**Instructions to follow:**
The lines in the listing below are to be given again exactly, starting at the line holding "- Select ‘03’" and ending at the line holding "Продавам ПВЦ врата". Do not include pictures.

**Provided records:**

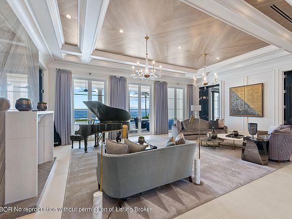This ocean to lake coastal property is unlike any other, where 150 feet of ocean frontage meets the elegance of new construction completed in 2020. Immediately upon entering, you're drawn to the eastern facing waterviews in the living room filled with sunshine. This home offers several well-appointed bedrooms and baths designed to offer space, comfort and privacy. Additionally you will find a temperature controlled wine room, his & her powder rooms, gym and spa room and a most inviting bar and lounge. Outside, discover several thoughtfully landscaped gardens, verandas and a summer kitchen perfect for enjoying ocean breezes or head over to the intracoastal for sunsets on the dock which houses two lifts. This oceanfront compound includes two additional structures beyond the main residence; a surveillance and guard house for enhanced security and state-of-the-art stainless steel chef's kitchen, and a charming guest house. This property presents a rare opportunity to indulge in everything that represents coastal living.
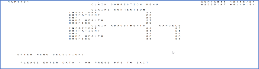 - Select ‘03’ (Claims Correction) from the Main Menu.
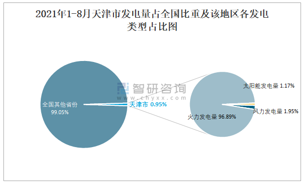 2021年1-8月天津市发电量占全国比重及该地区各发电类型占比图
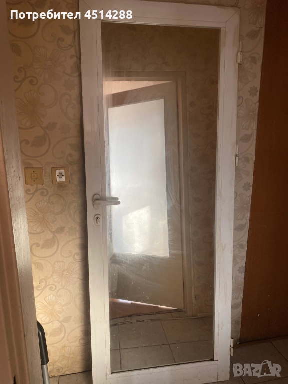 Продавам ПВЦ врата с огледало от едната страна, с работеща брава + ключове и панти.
* * *
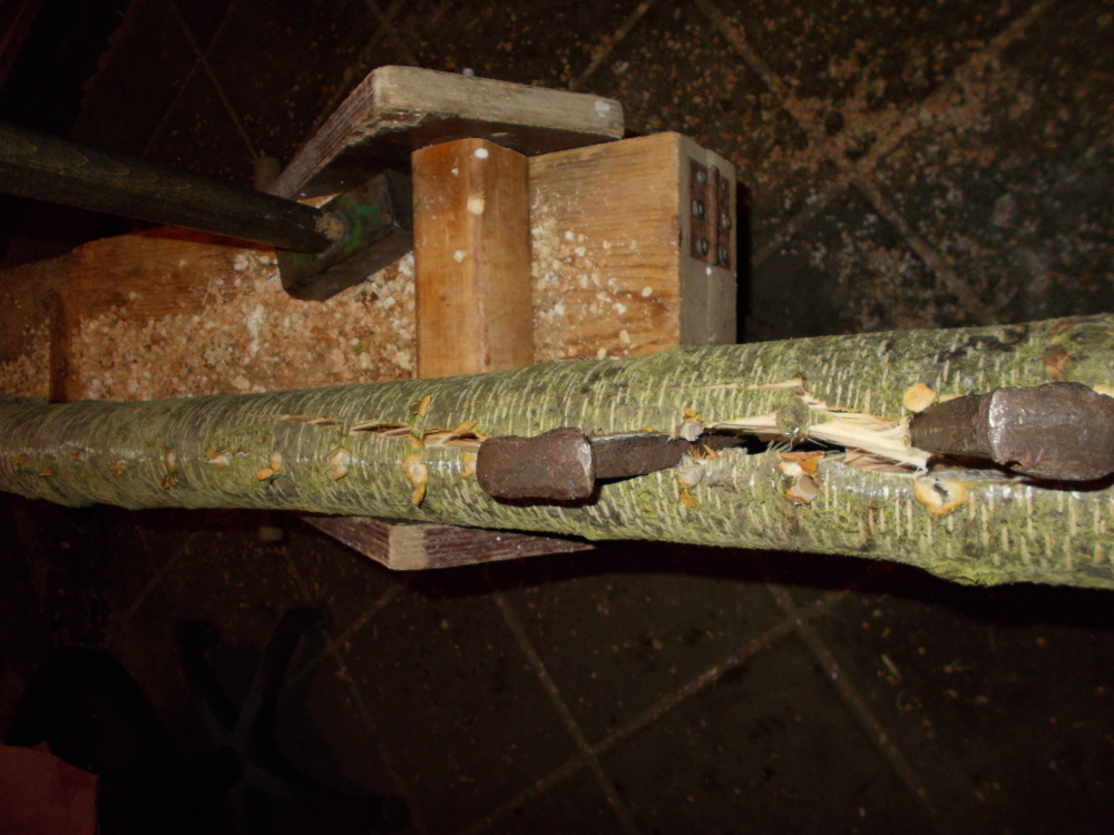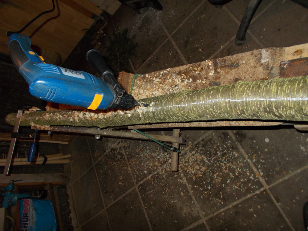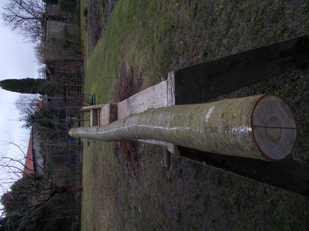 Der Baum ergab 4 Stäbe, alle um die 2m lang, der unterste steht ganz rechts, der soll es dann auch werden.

**Answer to the exercise:**
 - Select ‘03’ (Claims Correction) from the Main Menu.
 2021年1-8月天津市发电量占全国比重及该地区各发电类型占比图
 Продавам ПВЦ врата с огледало от едната страна, с работеща брава + ключове и панти.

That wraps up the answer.